## [WHAT YOU SHOULD DO]
Under this line are the records; repeat exactly the lines starting at the one containing "This unique piece" and ending at the one containing "Williams FW16B Australia", omitting pictures.

## [PROVIDED ENTRIES]
────────
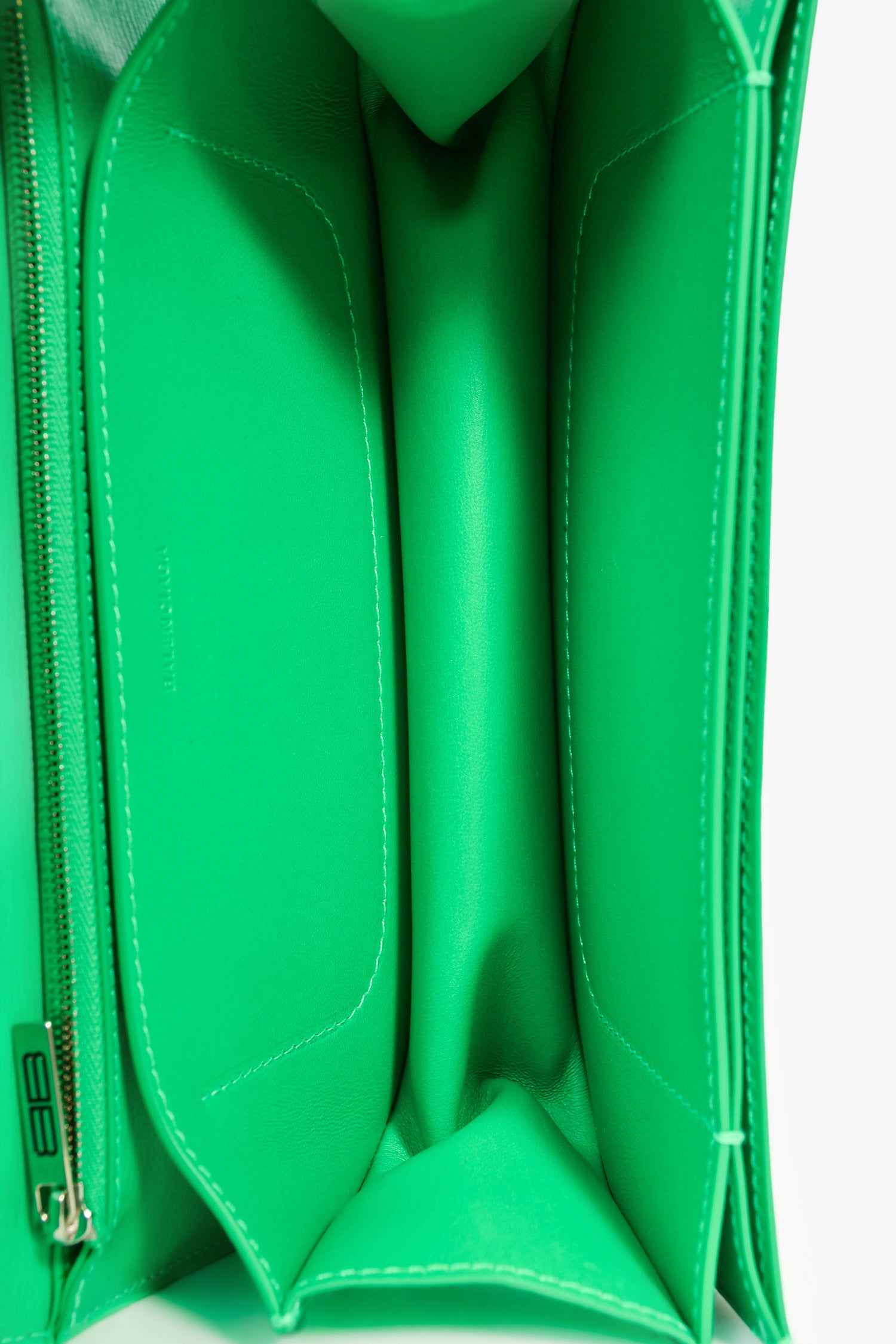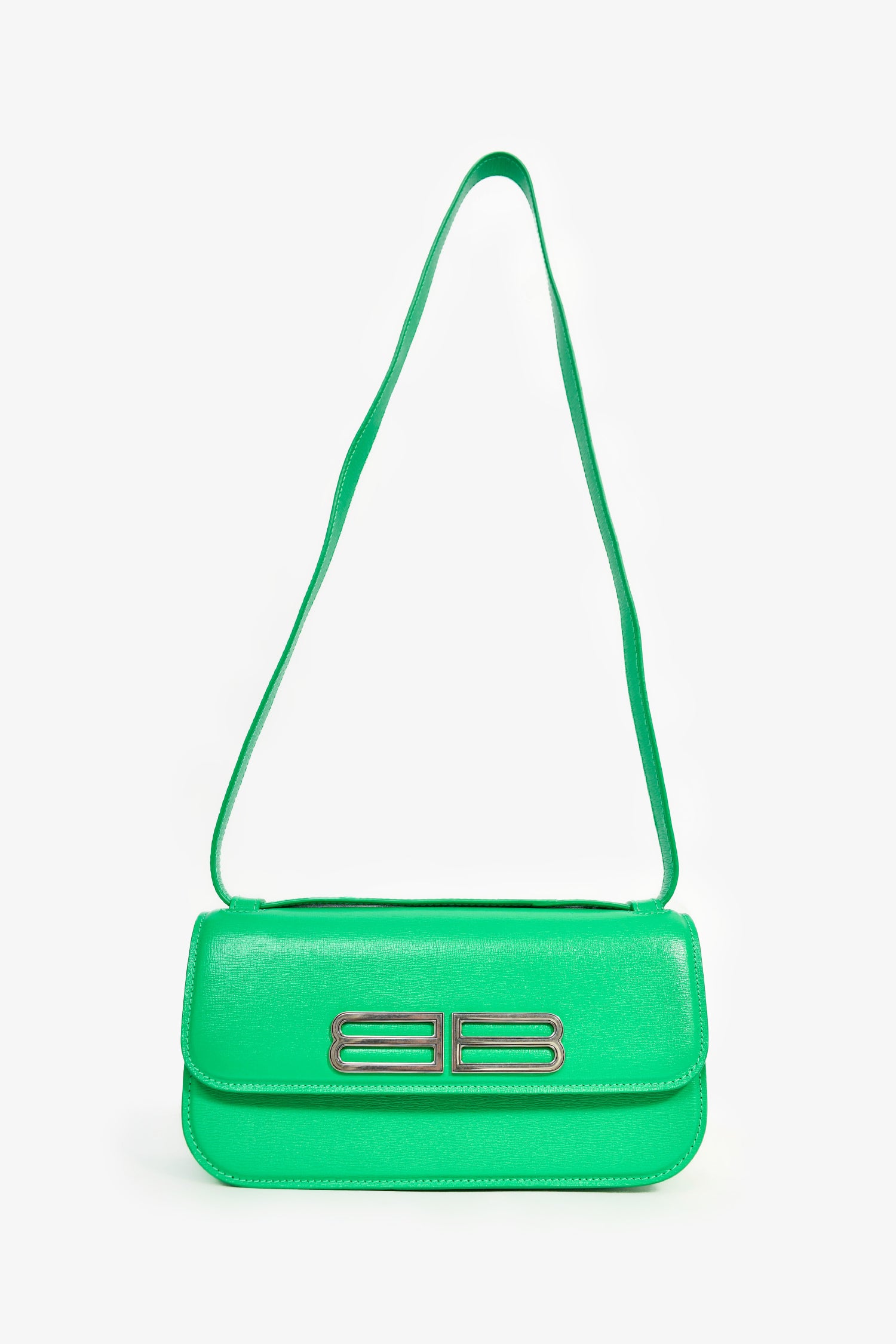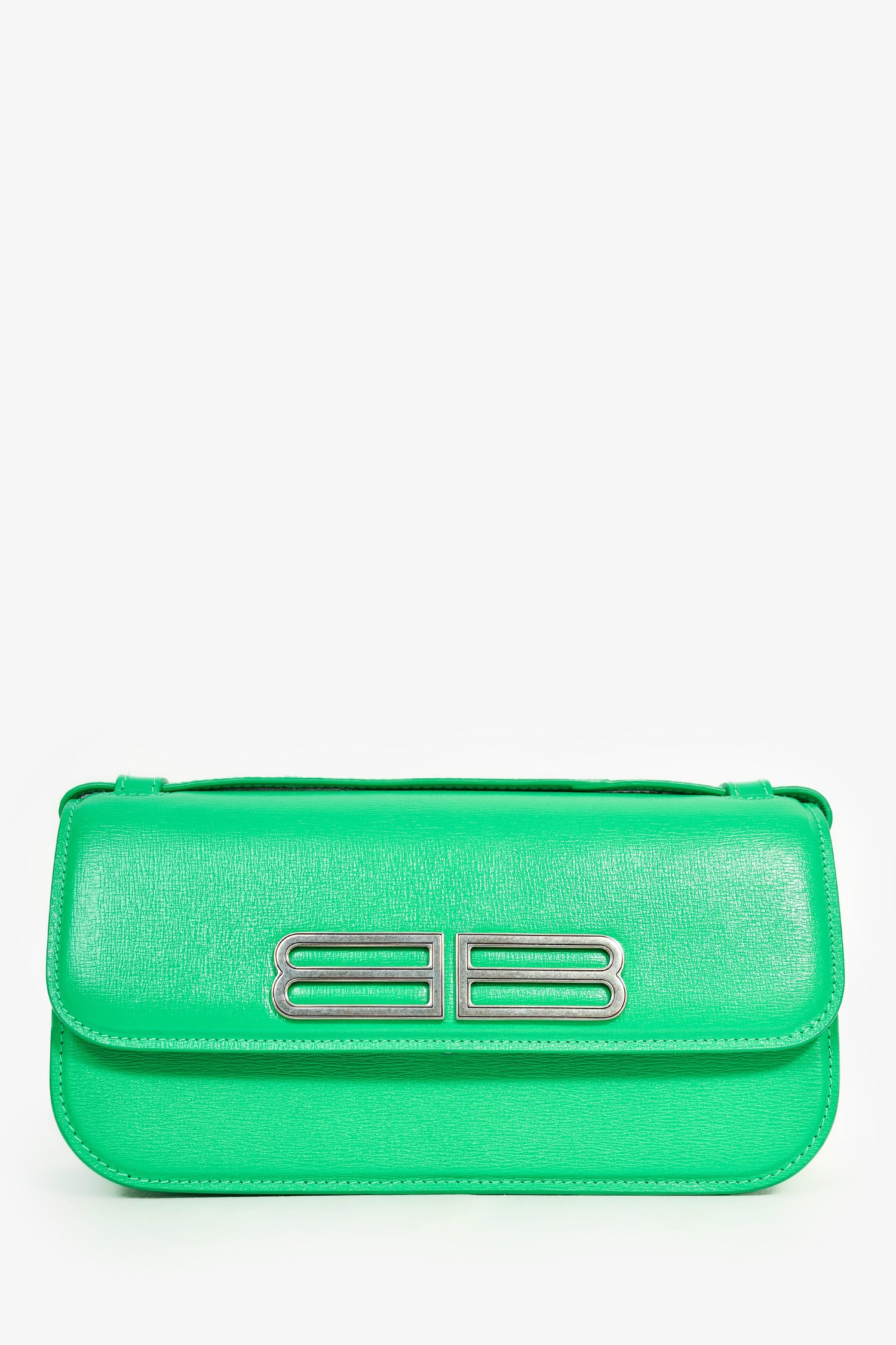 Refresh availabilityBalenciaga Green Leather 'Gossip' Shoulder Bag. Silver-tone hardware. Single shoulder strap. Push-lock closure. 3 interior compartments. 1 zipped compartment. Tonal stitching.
────────
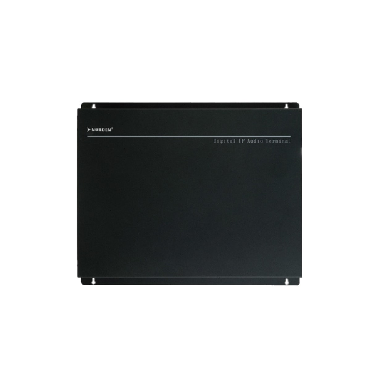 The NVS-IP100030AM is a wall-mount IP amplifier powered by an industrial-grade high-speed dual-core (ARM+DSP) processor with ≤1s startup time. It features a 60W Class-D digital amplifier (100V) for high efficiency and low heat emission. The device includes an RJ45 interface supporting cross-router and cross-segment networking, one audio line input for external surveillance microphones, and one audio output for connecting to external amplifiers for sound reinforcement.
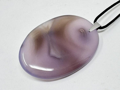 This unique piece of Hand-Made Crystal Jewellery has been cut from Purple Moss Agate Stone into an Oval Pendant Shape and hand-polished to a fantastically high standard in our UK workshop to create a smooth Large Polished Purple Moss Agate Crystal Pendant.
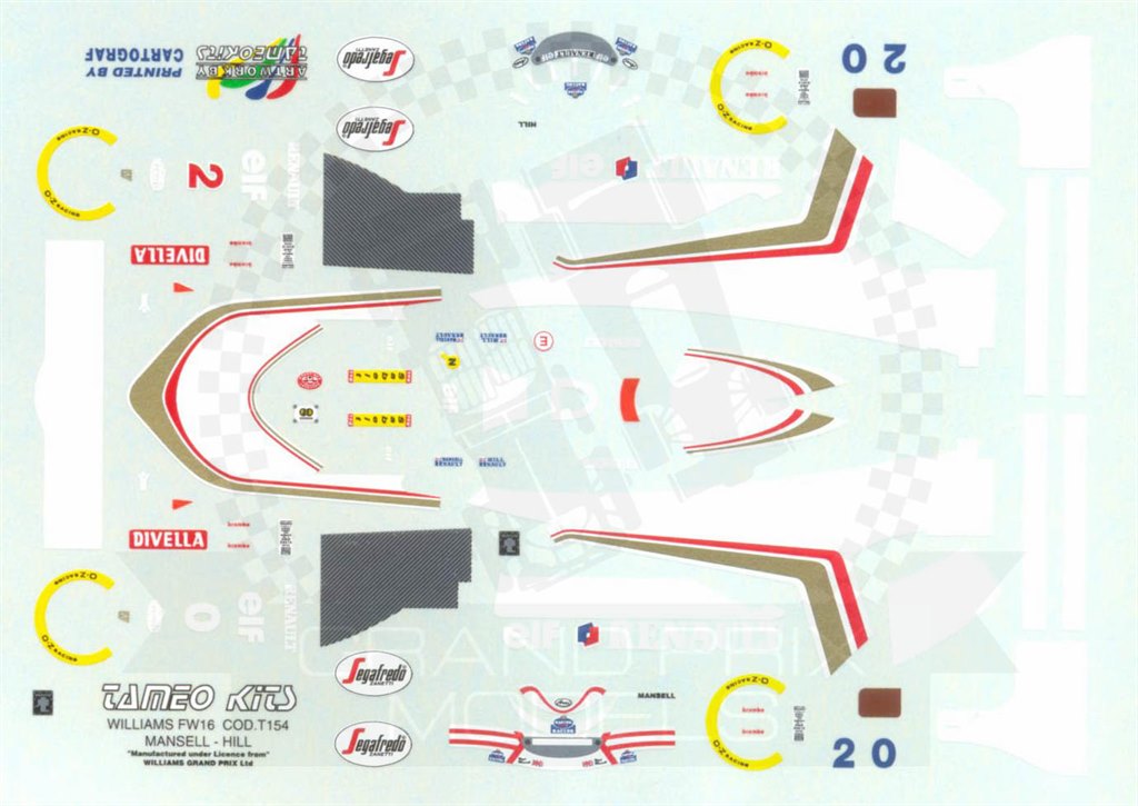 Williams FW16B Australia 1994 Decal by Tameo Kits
────────
## [RESPONSE]
 This unique piece of Hand-Made Crystal Jewellery has been cut from Purple Moss Agate Stone into an Oval Pendant Shape and hand-polished to a fantastically high standard in our UK workshop to create a smooth Large Polished Purple Moss Agate Crystal Pendant.
 Williams FW16B Australia 1994 Decal by Tameo Kits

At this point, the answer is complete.